[RECORDS FOR THE EXERCISE Boundary: Start]
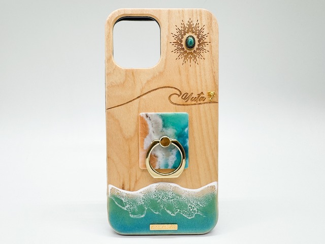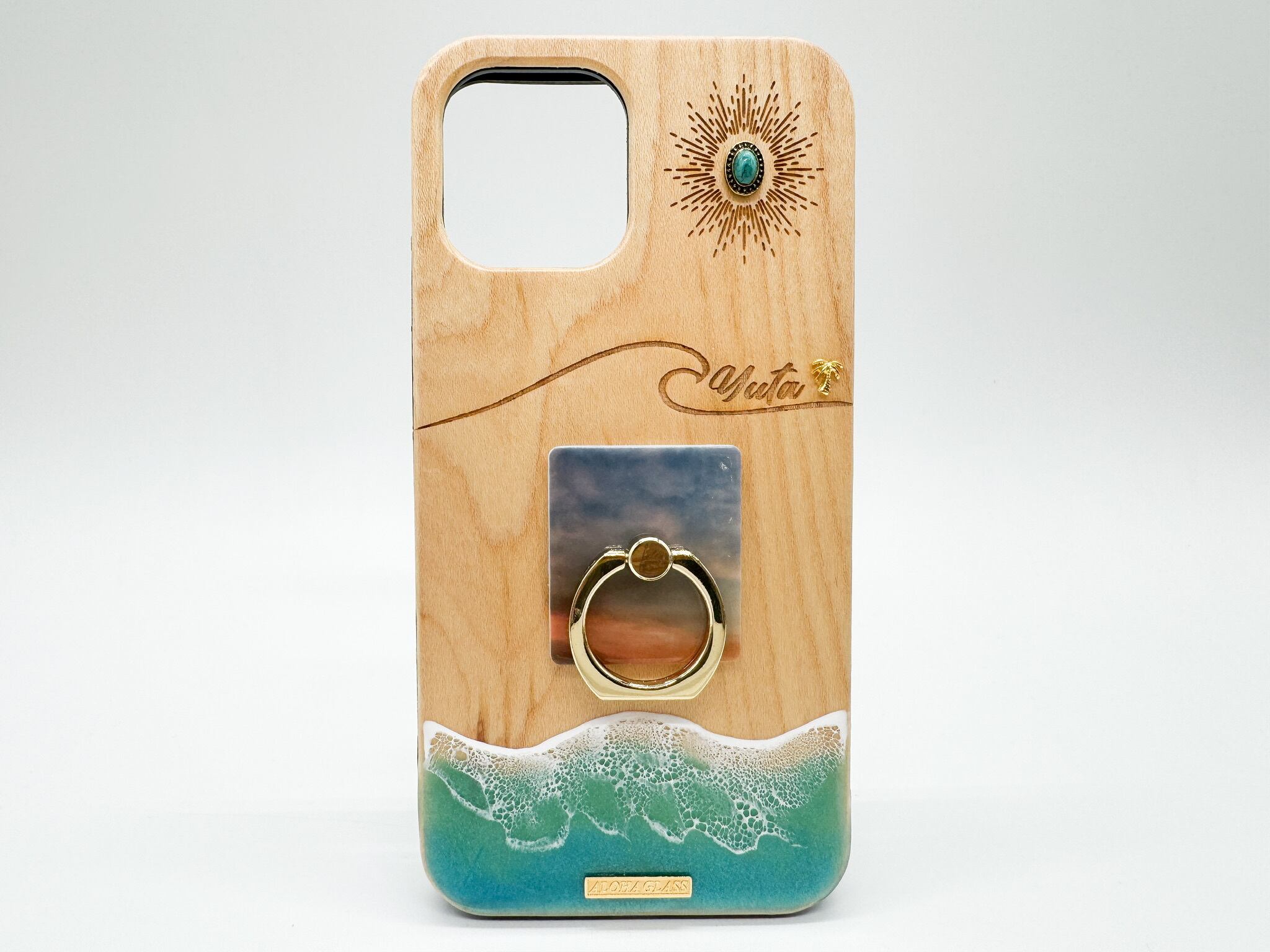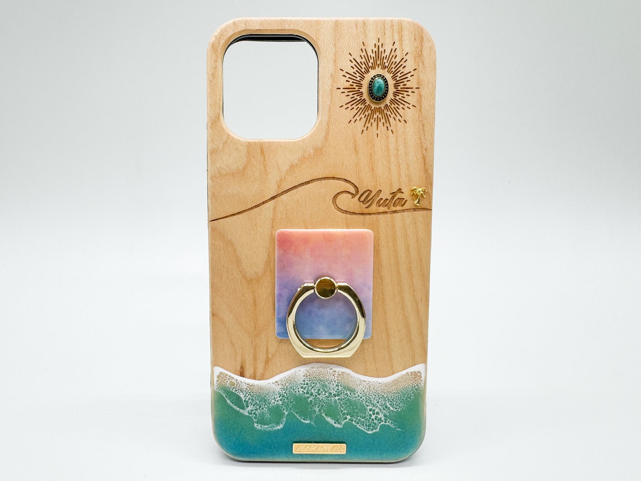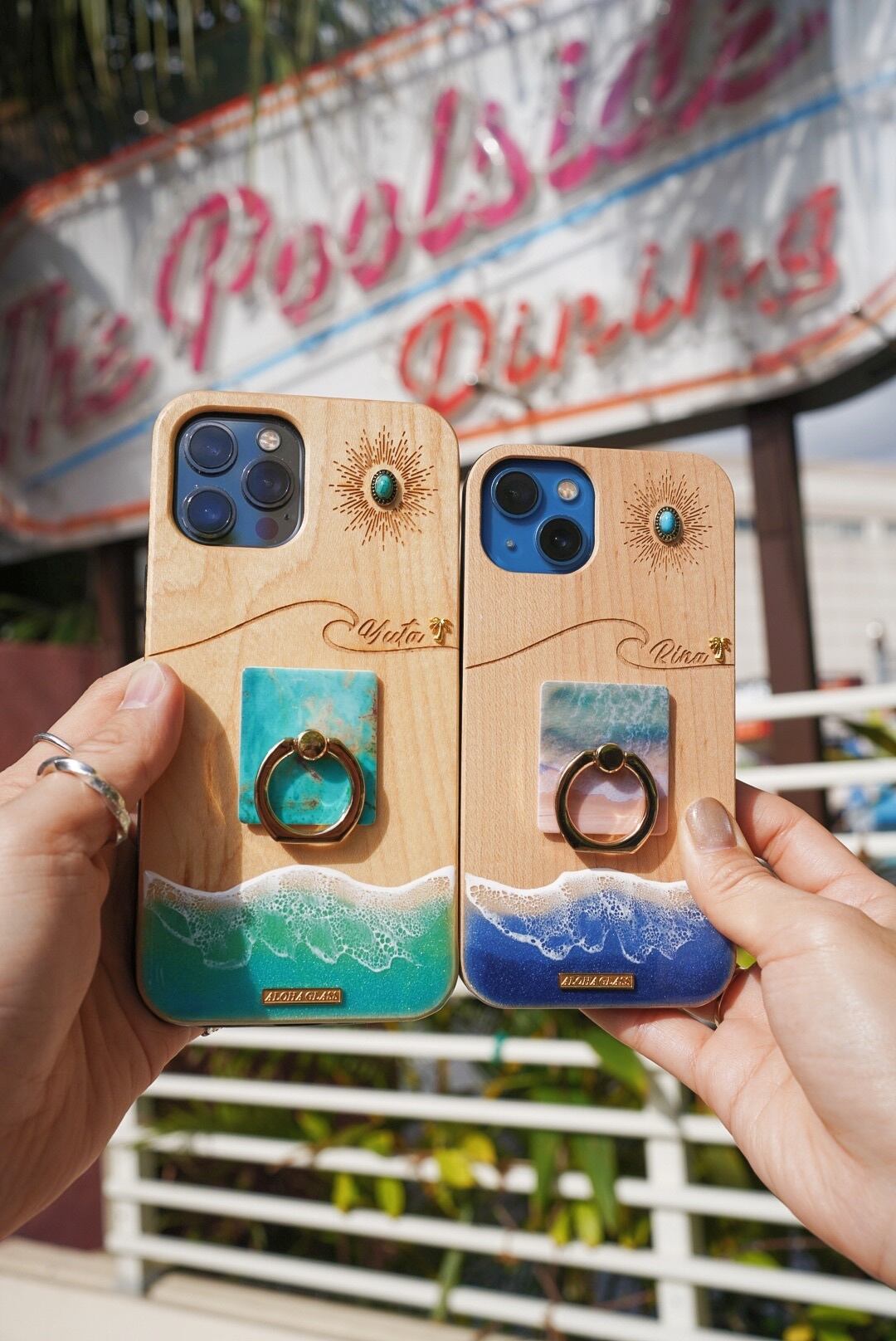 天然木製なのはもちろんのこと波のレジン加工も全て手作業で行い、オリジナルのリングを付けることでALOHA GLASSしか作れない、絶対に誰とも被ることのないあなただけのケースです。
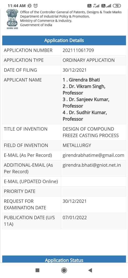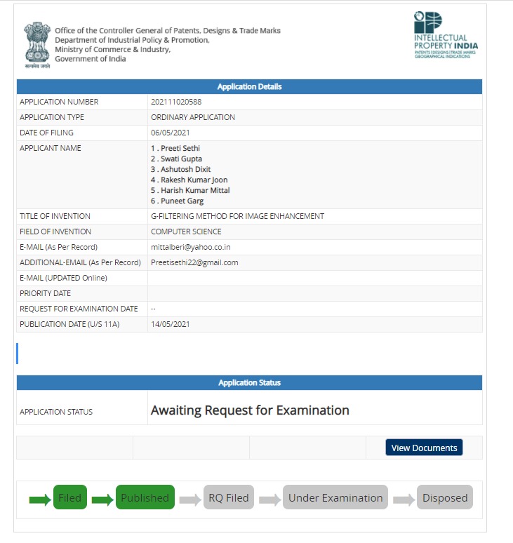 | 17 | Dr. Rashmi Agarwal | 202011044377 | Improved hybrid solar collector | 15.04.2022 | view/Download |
[RECORDS FOR THE EXERCISE Boundary: End]
[RECORDS FOR THE EXERCISE Boundary: Start]
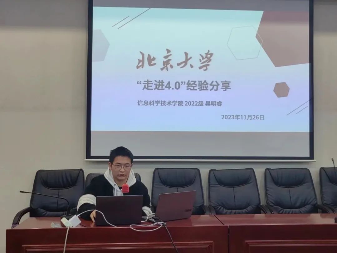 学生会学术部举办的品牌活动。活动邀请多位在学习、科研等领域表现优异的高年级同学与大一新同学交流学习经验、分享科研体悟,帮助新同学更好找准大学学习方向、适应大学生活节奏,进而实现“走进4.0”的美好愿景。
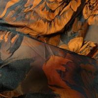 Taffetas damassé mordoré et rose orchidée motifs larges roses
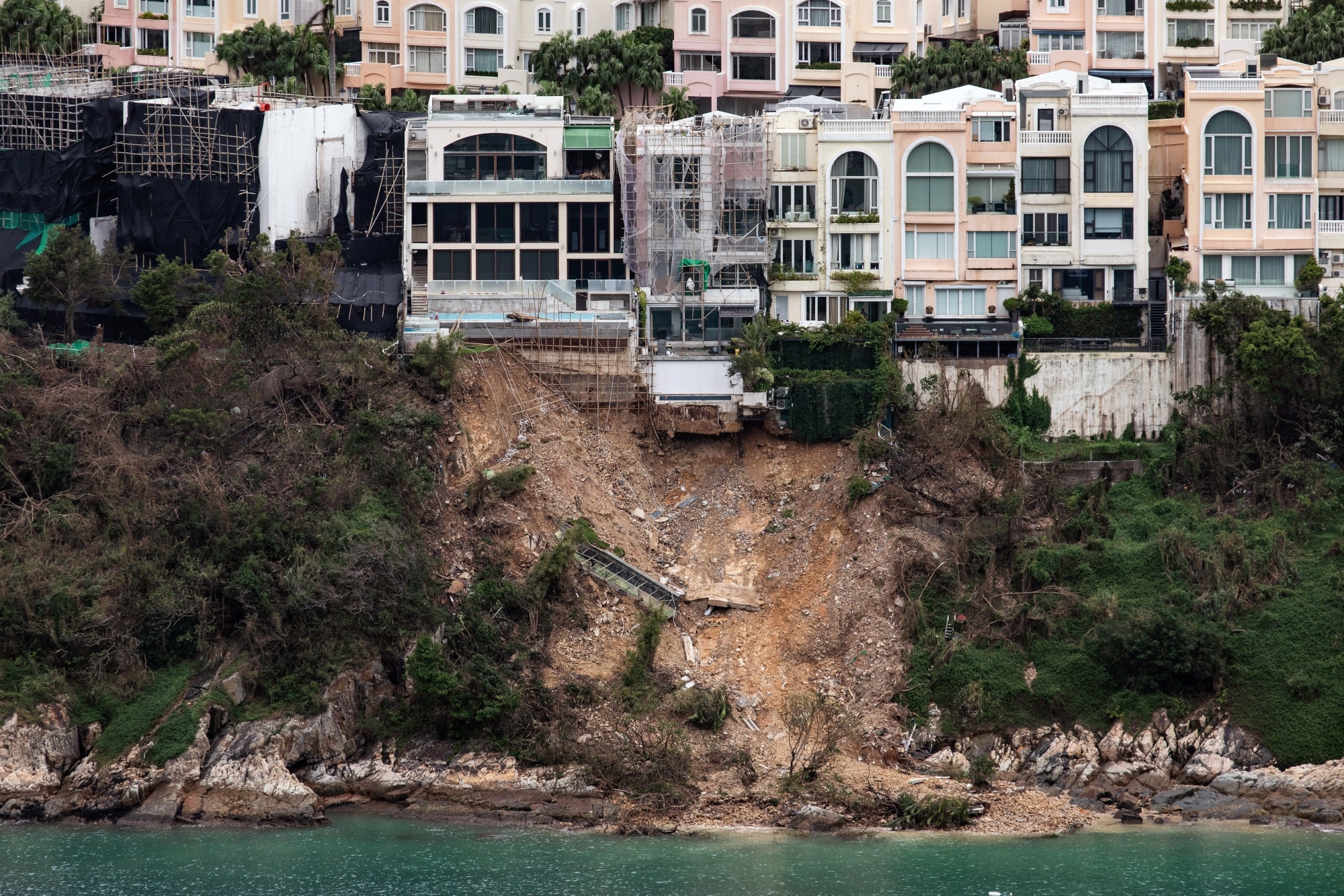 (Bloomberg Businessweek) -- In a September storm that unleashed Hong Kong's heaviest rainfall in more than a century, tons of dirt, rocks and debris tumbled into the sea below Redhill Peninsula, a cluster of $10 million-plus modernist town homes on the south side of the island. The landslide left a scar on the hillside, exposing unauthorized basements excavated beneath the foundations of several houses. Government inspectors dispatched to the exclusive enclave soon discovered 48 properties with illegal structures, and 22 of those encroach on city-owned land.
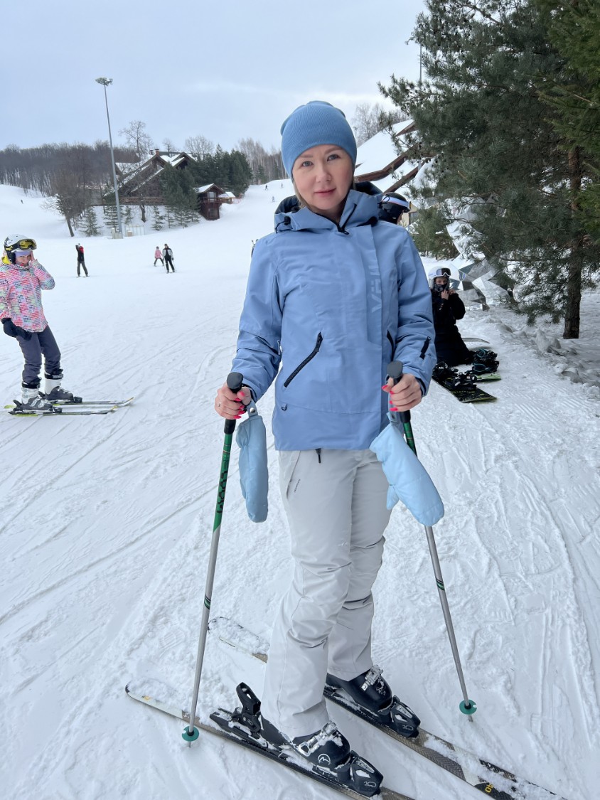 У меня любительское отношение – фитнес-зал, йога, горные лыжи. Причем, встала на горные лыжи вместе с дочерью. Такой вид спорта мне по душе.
[RECORDS FOR THE EXERCISE Boundary: End]
**WORK REQUEST:** Each line above starting at the one holding "学生会学术部举办的品牌活动。" and ending at the one holding "У меня любительское" should be set down exactly as it stands, both ends included, with no pictures.

**EXERCISE SOLUTION:**
 学生会学术部举办的品牌活动。活动邀请多位在学习、科研等领域表现优异的高年级同学与大一新同学交流学习经验、分享科研体悟,帮助新同学更好找准大学学习方向、适应大学生活节奏,进而实现“走进4.0”的美好愿景。
 Taffetas damassé mordoré et rose orchidée motifs larges roses
 (Bloomberg Businessweek) -- In a September storm that unleashed Hong Kong's heaviest rainfall in more than a century, tons of dirt, rocks and debris tumbled into the sea below Redhill Peninsula, a cluster of $10 million-plus modernist town homes on the south side of the island. The landslide left a scar on the hillside, exposing unauthorized basements excavated beneath the foundations of several houses. Government inspectors dispatched to the exclusive enclave soon discovered 48 properties with illegal structures, and 22 of those encroach on city-owned land.
 У меня любительское отношение – фитнес-зал, йога, горные лыжи. Причем, встала на горные лыжи вместе с дочерью. Такой вид спорта мне по душе.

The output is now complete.